Exploiting the duality between completely positive map $A \rightarrow M_{n}(C)$ and states on $M_{n}(A)$, it is not too hard to deduce the next result from Glimm's lemma.

(Glimm's lemma) Let $A\subset B(H)$ be a separable C*-algebra containing no nonzero compact operators on $H$. If $\phi$ is a state on $A$, then there exist orthonormal vectors $\{\xi_{n}\}$ such that $\langle a\xi_{n}, \xi_{n} \rangle \rightarrow \phi(a)$ for all $a\in A$.

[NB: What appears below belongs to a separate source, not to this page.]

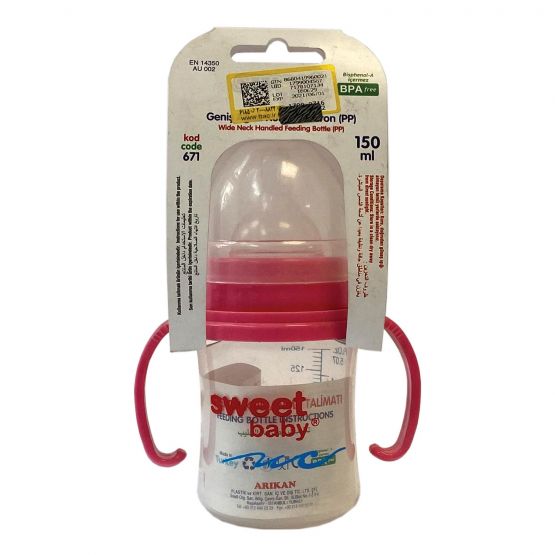 شیشه شیر 150 میلی لیتر دسته دار با دهانه عریض مدل 671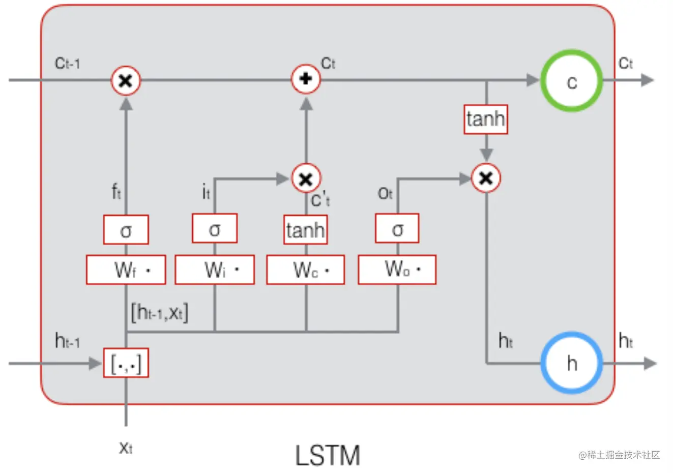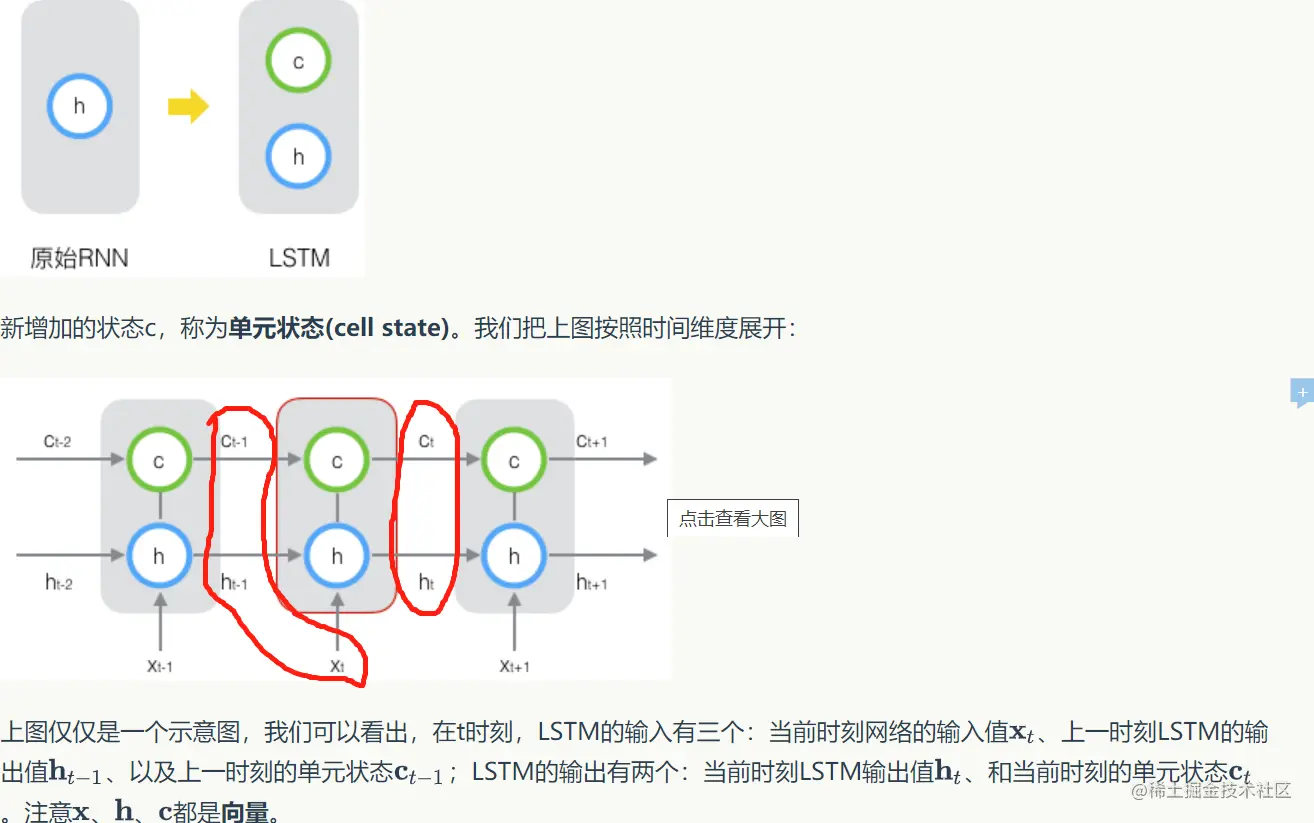 - 简单来说LSTM就是在隐藏层只有h状态的基础上,又加入了一个c,用来保存长期状态

Proposition 1.7.1. Let $H$ be separable Hilbert space, $1\in A\subset B(H)$ be a separable C*-algebra and $\phi: A\rightarrow M_{n}(C)$ be a unital completely positive map such that $\phi|_{A\cap K(H)}=0$. Then there exist isometries $V_{k}:l_{n}^{2}\rightarrow H$ with the following properties:

(1) the ranges of the $V_{k}$ 's are pairwise orthogonal;

(2) $||\phi(a)-V_{k}^{*}aV_{k}||\rightarrow 0$ for every $a\in A$.

(Here, $K(H)$ denotes the compacts and $l_{n}^{2}$ denotes the n-dimensional Hilbert space.)

I do not know how to utilise the duality to deduce the proposition, could someone show me more details?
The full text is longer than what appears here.